This repository contains the implementation of a machine learning project aimed at enhancing the accuracy of predicting Pathological Complete Response (PCR) and Relapse-Free Survival (RFS) in chemotherapy-treated breast cancer patients. The project analyzes a dataset with clinical and MRI features across 400 patients to provide additional prognosis information for personalized treatment recommendations.
This project aims to improve the predictions of PCR and RFS in breast cancer patients using various machine learning techniques. Accurate predictions can guide treatment decisions and provide better prognostic information.
The dataset used in this project is publicly available from The American College of Radiology Imaging Network.
Feature Type | Number of Features |
---|---|
Clinical | 10 |
MRI-based | 107 |
Total Records | 400 |
- Handling Missing Values: Rows with missing values denoted by '999' were removed. Median imputation was used for remaining missing values.
- Feature Selection: ANOVA was used to assess the importance of each feature. Features with an f-score above 3.5 were selected.
Model Type | Model |
---|---|
Classification | Logistic Regression |
AdaBoost Classifier | |
Support Vector Machine (SVM) | |
Voting Classifier |
Model Type | Model |
---|---|
Regression | Random Forest Regressor |
Support Vector Regressor (SVR) | |
LASSO Regressor | |
Ridge Regressor | |
AdaBoost Regressor |
Evaluation Type | Metric |
---|---|
Classification | Balanced Accuracy |
Precision | |
Regression | Mean Absolute Error (MAE) |
Tuning | Grid Search |
The two best results from classification and regression task was evaluated.
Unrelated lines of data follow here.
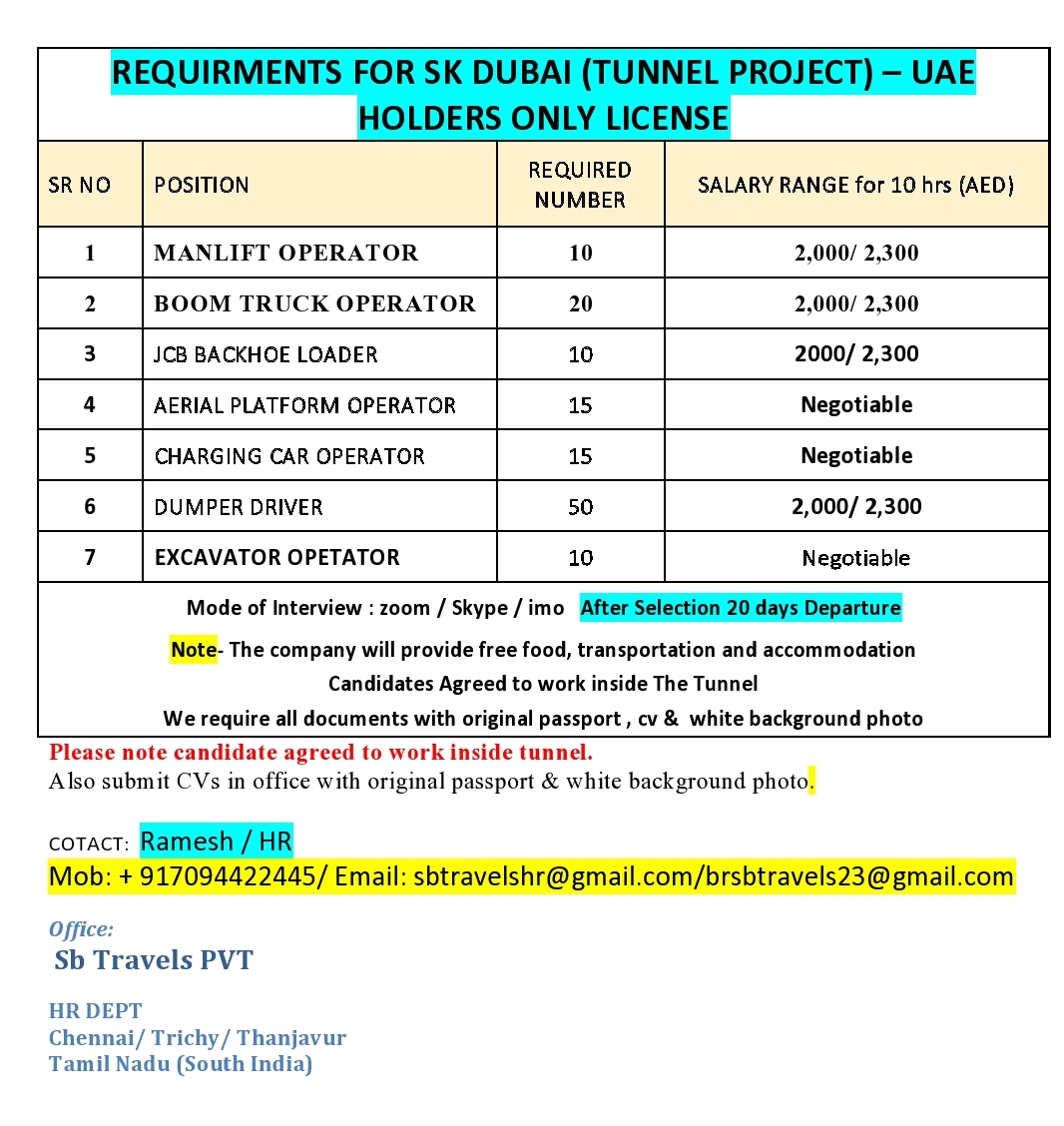 | Dumper driver | 50 | 2000 - 2300 AED |
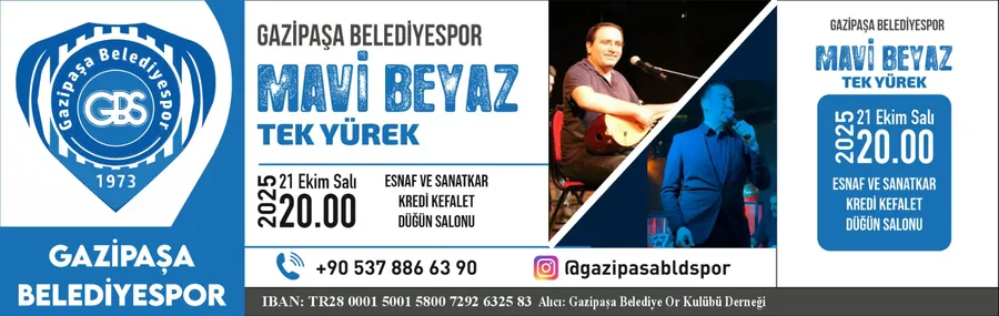 Gazipaşa Belediyespor, yeni sezon öncesi dayanışma konseri düzenliyor. 21 Ekim’de yapılacak “Mavi-Beyaz Tek Yürek” konserinde Gazipaşalı sanatçı Ali Aksoy ve sevilen sanatçı Serdar Onur sahne alacak. Elde edilecek gelir, kulübün yeni sezon çalışmalarında kullanılacak.
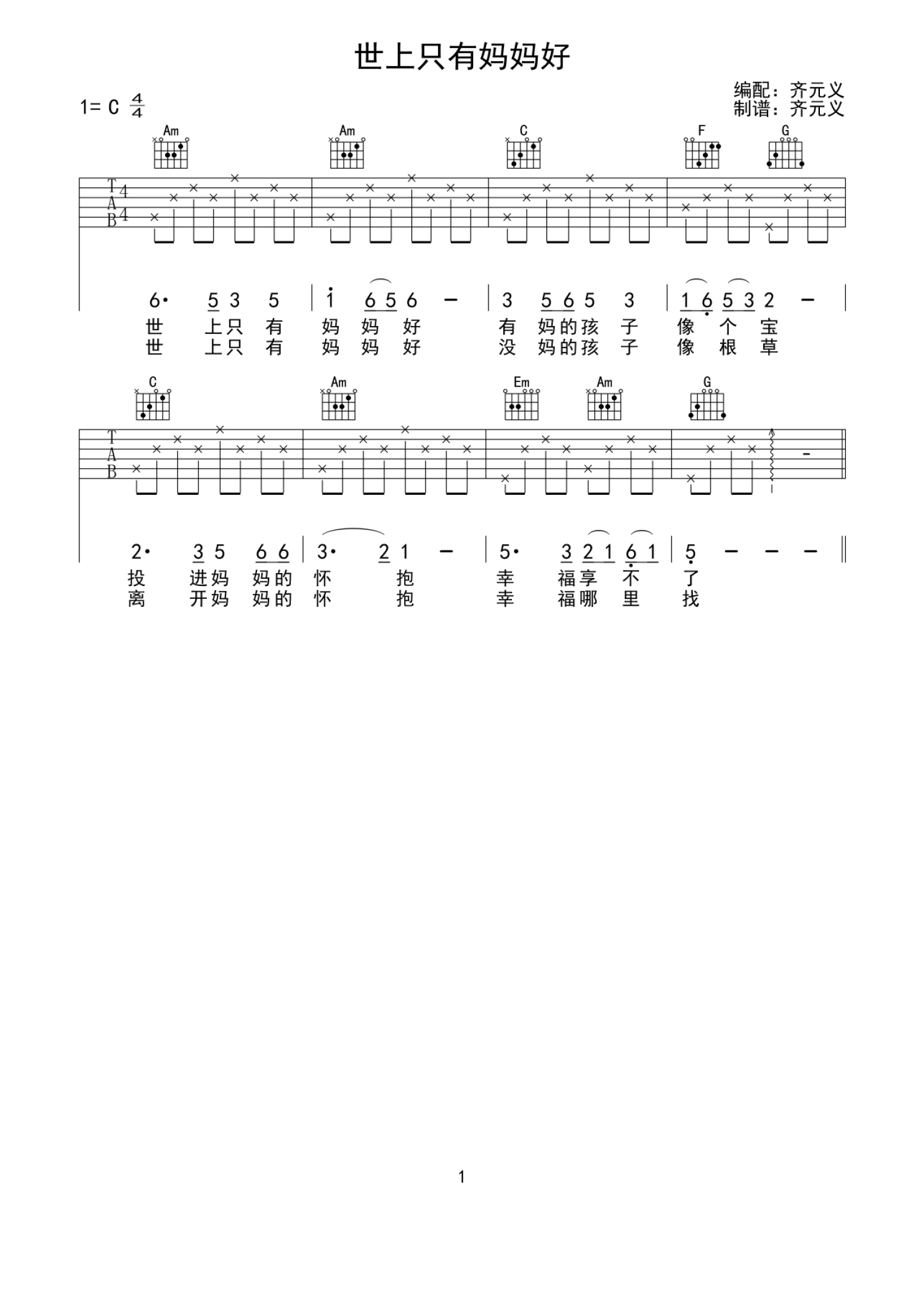 曲谱介绍: C调版《世上只有妈妈好》吉他弹唱六线谱

Model | Balanced Accuracy | Precision |
---|---|---|
AdaBoost Classifier | 73.43% | 70.59% |
Voting Classifier | 70.68% | 83.33% |
Model | Mean Absolute Error (MAE) |
---|---|
Random Forest Regressor | 20.43 |
LASSO Regressor | 20.84 |
The AdaBoost Classifier was the best model for predicting PCR due to its balanced accuracy and precision. The Random Forest Regressor was the most effective for predicting RFS with the lowest MAE and robust performance.